SUPPLIED DATA –
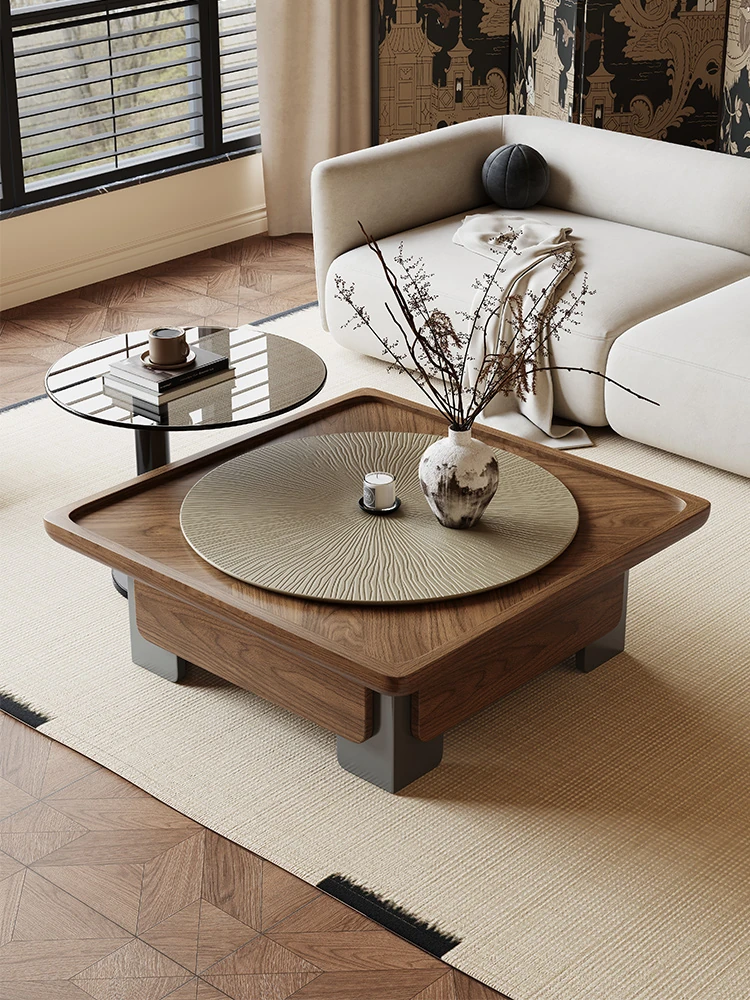 Modern Minimalist Round Coffee Table for Small Spaces - Creative Rotatable Design for Living Room - Vintage Style and Versatile Size Combinations
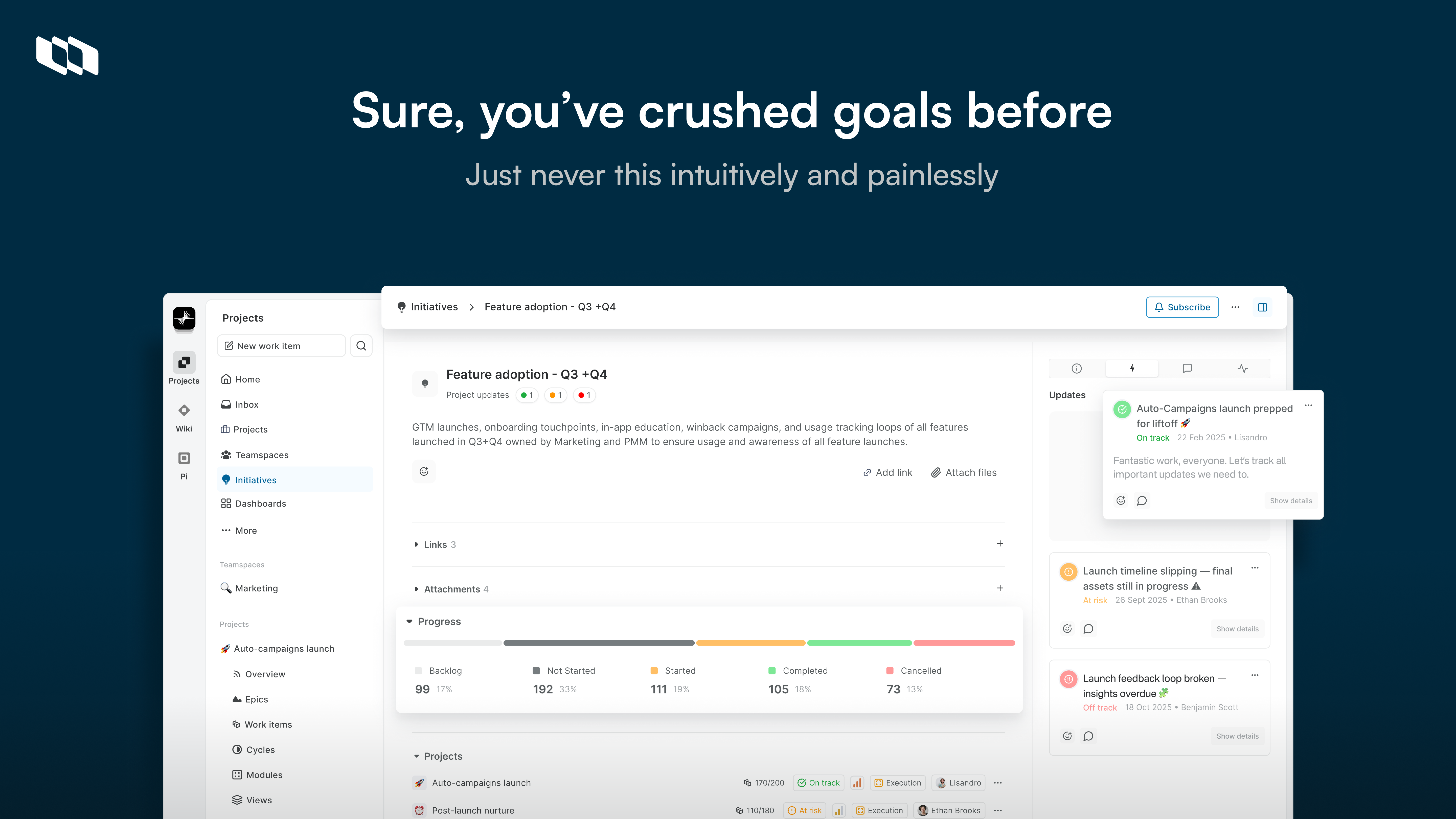 Plane brings your entire org into one workspace where every team is equipped to do their best work, their way. Whether you're tracking projects, writing docs, or using AI to figure work out, it's all right here.
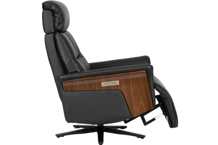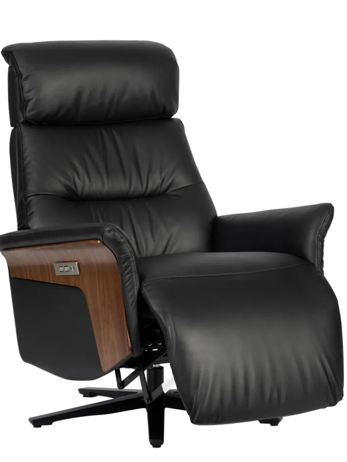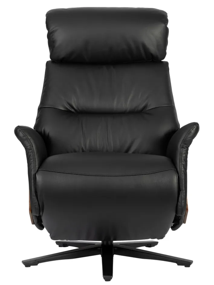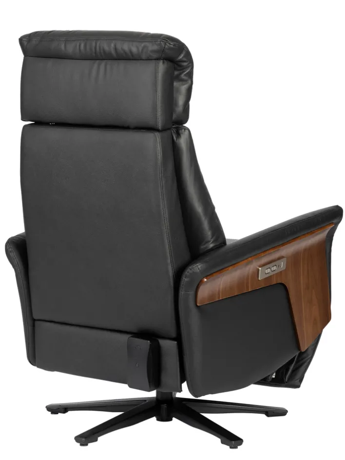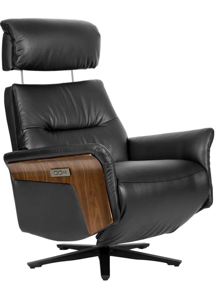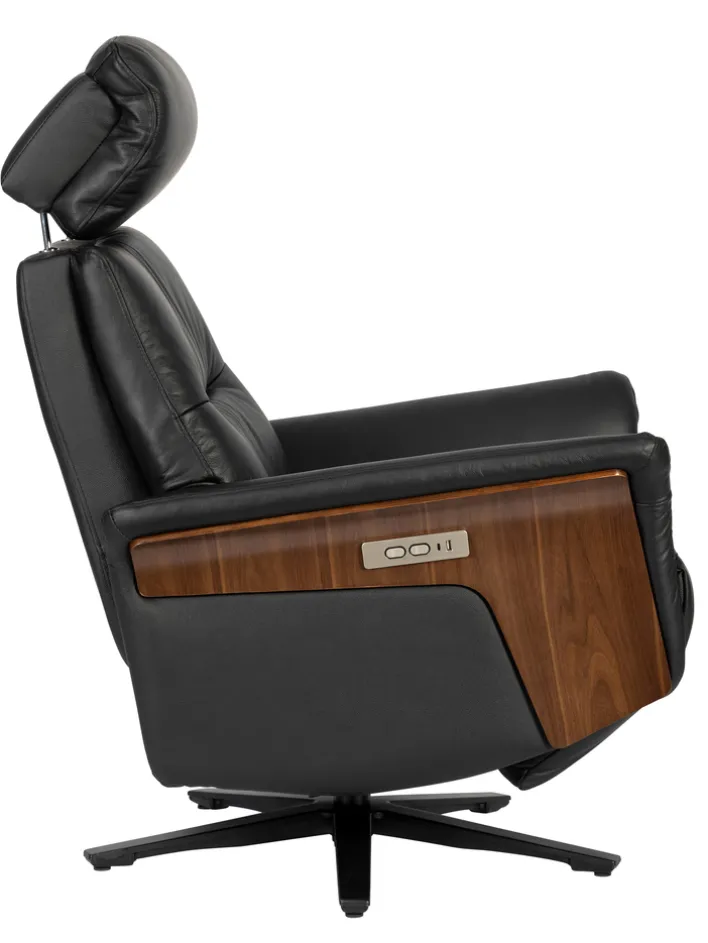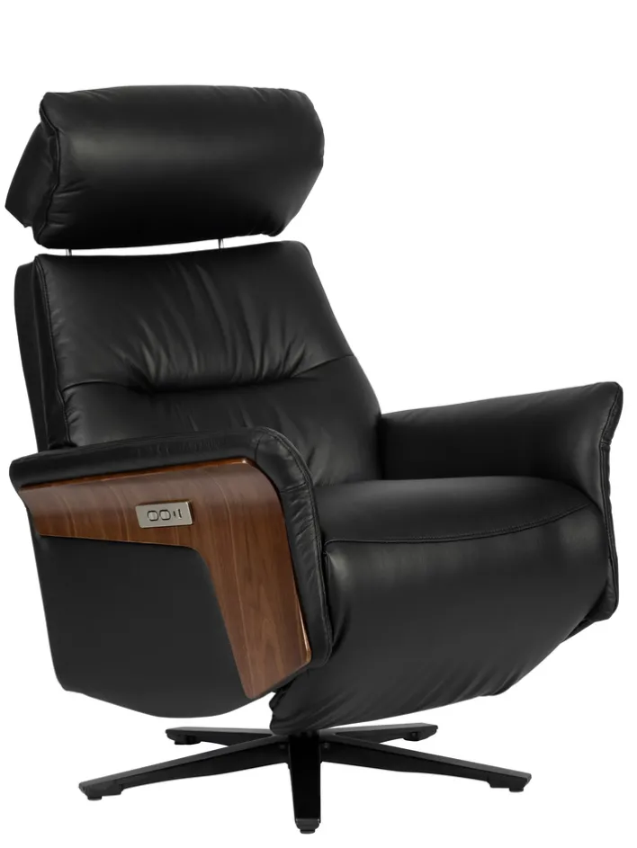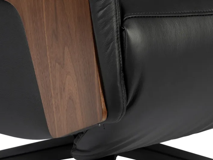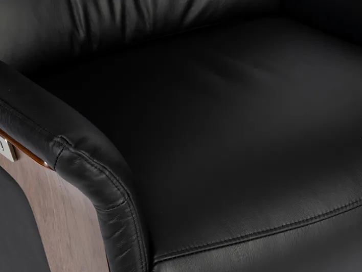 Der Fernsehsessel TERAMO vereint Komfort und Stil in einem eleganten Design. Mit einer Breite von 75 cm, einer Höhe von 108 cm und einer Tiefe von 87 cm bietet er großzügigen Platz zum Entspannen. Der Sessel ist in einem edlen Schwarz gehalten, das durch dekorative Walnussakzente an den Seiten ergänzt wird. Diese Kombination aus Leder und Holznachbildung verleiht dem Sessel eine luxuriöse Ausstrahlung, die sich nahtlos in verschiedene Wohnstile einfügt.
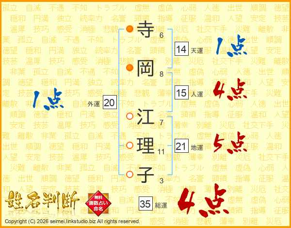 寺(6画)岡(8画) 江(7画)理(11画)子(3画)
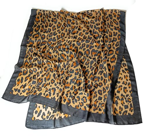 KGM accessories Lyxig stor supermjuk leopardtryck svart rand halsduk sjal - överdimensionerad dam leopard halsduk sjal - djurtryck sjal kvinnor - gåvor (brun), Brun, XL
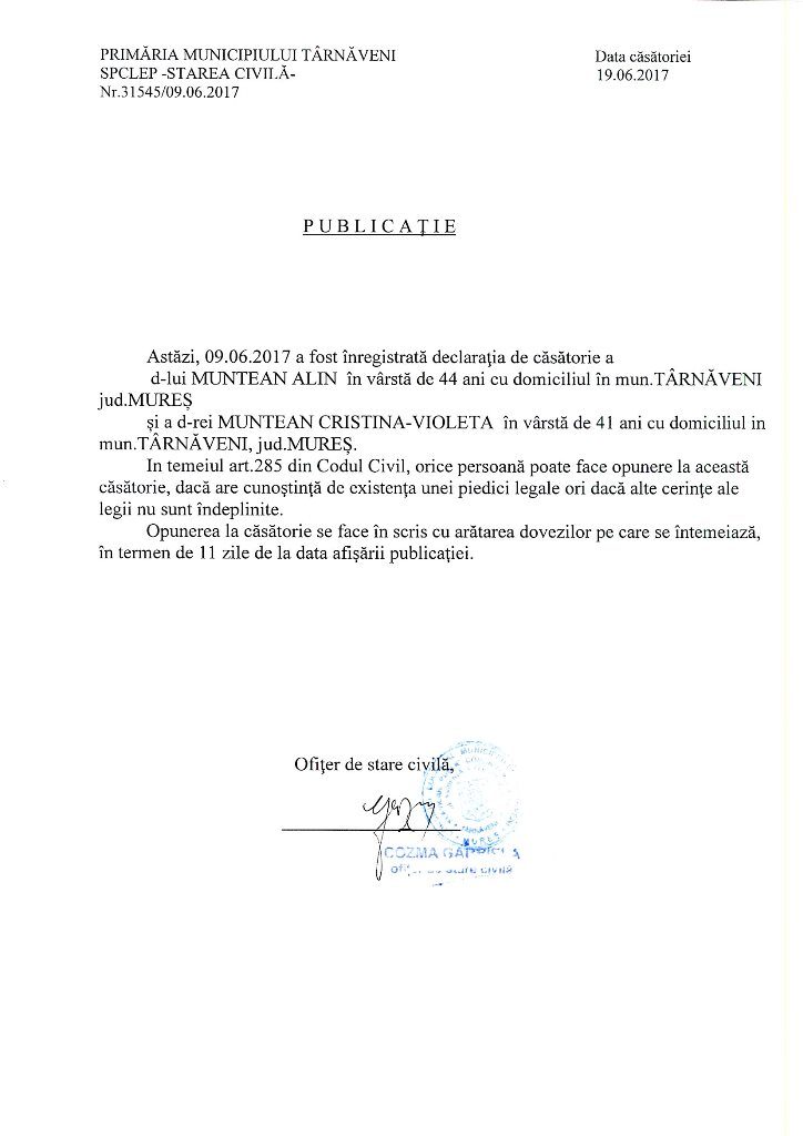 Publicatie casatorie – Muntean Alin si Muntean Cristina Violeta June 9, 2017 admsite Publicatii casatorie
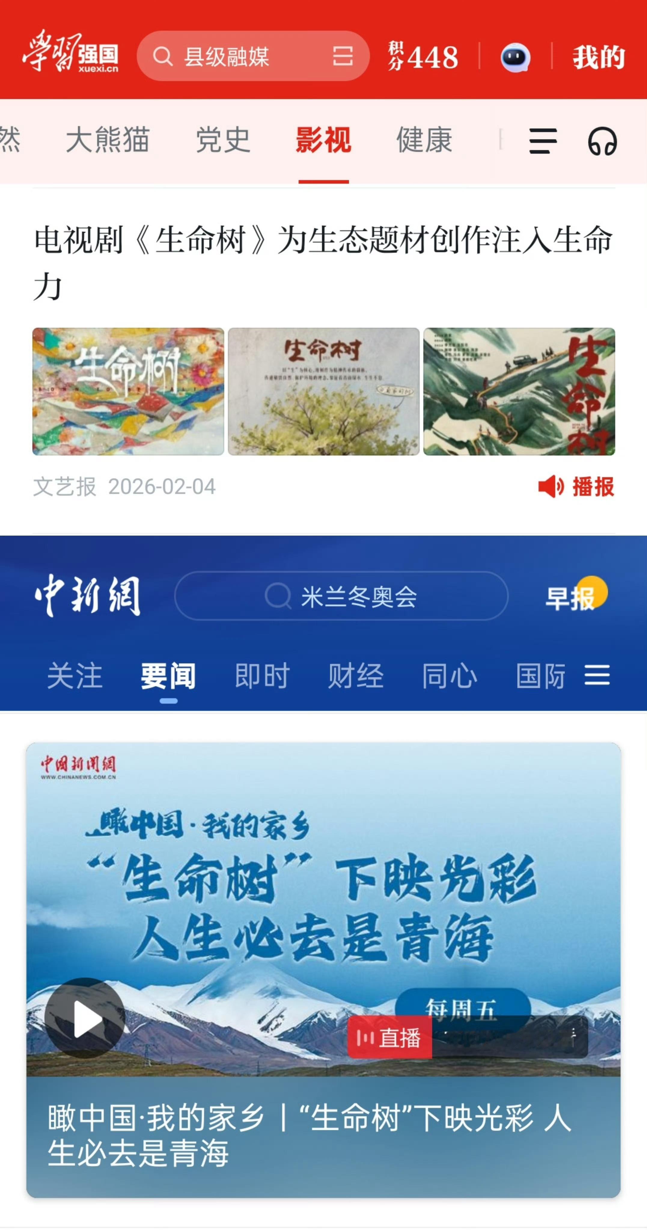 学习强国影视专栏首页有生命树相关报道:文艺报:电视剧《生命树》为生态题材创作注入生命力
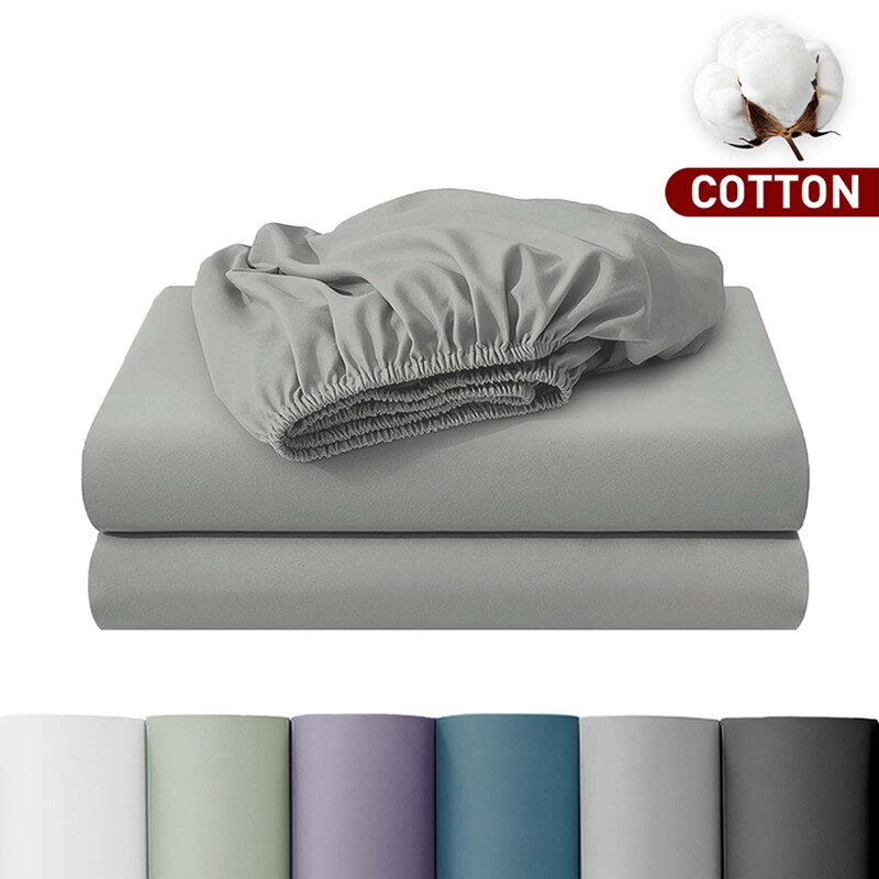 LeBonsoir Drap-housse 135 x 190 cm, hauteur de poche 30 cm, 100 % coton, bords élastiques anti-effilochage - Gris clair
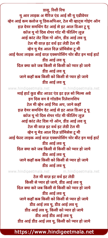 Lyrics of Dil Kya Kare (Did I Love You) - डासु, रिशी रिच
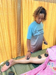 Students will learn how to warm body with oil massage and follow with hot stone massage movement techniques, how to place the stones on energy lines, proper use of body movements adapted from Tai chi techniques, face & head massage, and more practicing.
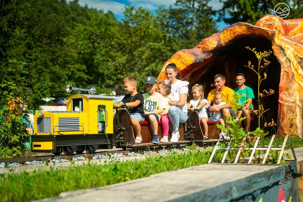 Vizitatorii parcului pot pătrunde cu Trenulețul Piticilor pe tărâmul distracției și aventurii, traversând peșteri și trecând pe lângă o mică cascadă. Trenulețul oprește în zona activităților distractive, unde copiii cu vârste cuprinse între 7-12 ani se vor putea aventura în bile pe apă, trambuline, tobogane gonflabile, carusel, leagăne etc. Pentru cei aventuroși, am amenajat o secțiune specială unde își pot exersa abilitățile de tras cu arcul sau cu pușca, atent supravegheați de animatori. De altfel, au ocazia de a descoperi opțional și Parcul de Aventură cu trasee suspendate între copaci și tiroliană, din cadrul Complexului Dumbrava Minunată.

WHAT NEEDS TO BE DONE – Omit every picture while printing the data word for word.

RESPONSE TO THIS TASK –
 Modern Minimalist Round Coffee Table for Small Spaces - Creative Rotatable Design for Living Room - Vintage Style and Versatile Size Combinations
 Plane brings your entire org into one workspace where every team is equipped to do their best work, their way. Whether you're tracking projects, writing docs, or using AI to figure work out, it's all right here.
 Der Fernsehsessel TERAMO vereint Komfort und Stil in einem eleganten Design. Mit einer Breite von 75 cm, einer Höhe von 108 cm und einer Tiefe von 87 cm bietet er großzügigen Platz zum Entspannen. Der Sessel ist in einem edlen Schwarz gehalten, das durch dekorative Walnussakzente an den Seiten ergänzt wird. Diese Kombination aus Leder und Holznachbildung verleiht dem Sessel eine luxuriöse Ausstrahlung, die sich nahtlos in verschiedene Wohnstile einfügt.
 寺(6画)岡(8画) 江(7画)理(11画)子(3画)
 KGM accessories Lyxig stor supermjuk leopardtryck svart rand halsduk sjal - överdimensionerad dam leopard halsduk sjal - djurtryck sjal kvinnor - gåvor (brun), Brun, XL
 Publicatie casatorie – Muntean Alin si Muntean Cristina Violeta June 9, 2017 admsite Publicatii casatorie
 学习强国影视专栏首页有生命树相关报道:文艺报:电视剧《生命树》为生态题材创作注入生命力
 LeBonsoir Drap-housse 135 x 190 cm, hauteur de poche 30 cm, 100 % coton, bords élastiques anti-effilochage - Gris clair
 Lyrics of Dil Kya Kare (Did I Love You) - डासु, रिशी रिच
 Students will learn how to warm body with oil massage and follow with hot stone massage movement techniques, how to place the stones on energy lines, proper use of body movements adapted from Tai chi techniques, face & head massage, and more practicing.
 Vizitatorii parcului pot pătrunde cu Trenulețul Piticilor pe tărâmul distracției și aventurii, traversând peșteri și trecând pe lângă o mică cascadă. Trenulețul oprește în zona activităților distractive, unde copiii cu vârste cuprinse între 7-12 ani se vor putea aventura în bile pe apă, trambuline, tobogane gonflabile, carusel, leagăne etc. Pentru cei aventuroși, am amenajat o secțiune specială unde își pot exersa abilitățile de tras cu arcul sau cu pușca, atent supravegheați de animatori. De altfel, au ocazia de a descoperi opțional și Parcul de Aventură cu trasee suspendate între copaci și tiroliană, din cadrul Complexului Dumbrava Minunată.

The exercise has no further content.